The stakes here aren't just your in-game stats, but your real-world identity. A vulnerability like this turns your PC into an open book, making you a target for ransomware, data theft, or having your machine turned into part of a botnet. While publishers are ultimately responsible for patching their games, you can fortify your own digital defenses. Ensure your PC's operating system and security software are always updated, as this can sometimes block the malicious payloads hackers try to deliver. Furthermore, avoid running games with administrator privileges whenever possible, as this creates a crucial barrier that can limit a hacker's control if they do manage to break through.

From the Lab: The Walls (and Bugs) Have Ears

Finally, a look to the future, where the lines between science fiction and our physical reality are rapidly blurring. In the world of personal surveillance, researchers developed WhoFi, a system that uses standard Wi-Fi signals to identify you by the unique way your body disrupts the waves—no phone or device required. The technology can reportedly identify individuals with up to 95% accuracy, meaning your very presence could soon become a trackable, biometric fingerprint.

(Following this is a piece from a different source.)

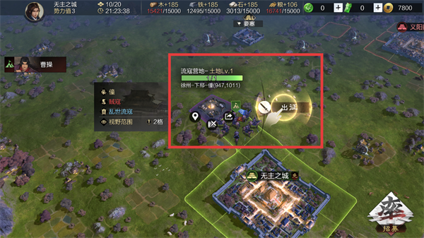 3、占领土地后,可获得木、铁、石、粮等资源增长,持续出征流寇营地等低等级土地,快速积累资源以发展城池。

Meanwhile, on the geopolitical stage, that same push into novel surveillance is taking an even more startling turn. Spurred by a massive increase in defense spending, German tech startups are now developing tank-like AI robots, battlefield drones, and—in the most headline-grabbing example—cyborg "spy" cockroaches. These insects, equipped with miniature cameras and controlled by electrical stimuli, are designed to provide surveillance in hostile environments. Whether it’s the radio waves in a café or the insects on the ground, the message is clear: the next generation of security aims to turn the entire world into a sensor.